Mike Wilson is the Outreach Coordinator for Harris County Department of Education, CASE Program and host the Making After School Cool Podcast. He lives in Texas with his wife and two teenage daughters.
Jenny Woo’s Parenting Statement
I believe that first and foremost, the purpose of parenting is to ensure physical security and psychological safety for my children. To parent is to cultivate a nurturing environment that encourages children to engage in the messy discovery of the self and the outside world. As both a parent and an educator, my goal is to guide my children to become creative, compassionate, wise, purposeful, and productive contributors to society.
A confident parent listens before speaking. A confident parent is secure with who he/she is and is not, and is not afraid to role model vulnerability and admit when wrong. The confident parent is aware of what they need and what their children need, and the differences in between. A confident parent also mindfully navigates and diffuses the expectations, pressures, and lures of the external world, for themselves and their children.

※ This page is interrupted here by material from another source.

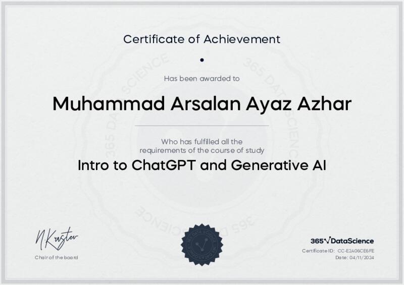 This user has been awarded the Intro to ChatGPT and Generative AI Certificate for successfully completing the course exam. Holding this certificate demonstrates their proficiency on the topic and signifies they are qualified to apply their newly acquired expertise in the fields of data analytics and data science.

Jenny Woo is a Harvard-trained educator, TEDx speaker, and founder/CEO of Mind Brain Parenting and creator of “52 Essential Conversations” and more card games teaching social and emotional learning. She lives in northern California with her husband and three children.
Want to learn more about the members of this incredible Confident Parents team? Check out their bios on the site!
You’ll be reading articles from each of them throughout the year on the most relevant topics — what they are wrestling with and attempting to learn and promote in their own family lives.
As we read in the daily news the importance of social and emotional well-being of our children and the adults who love them, I can’t think of a more important way for our contribution to evolve through this group of caring, committed parents who will bring their expertise to lead our dialogue and contribute to our growth.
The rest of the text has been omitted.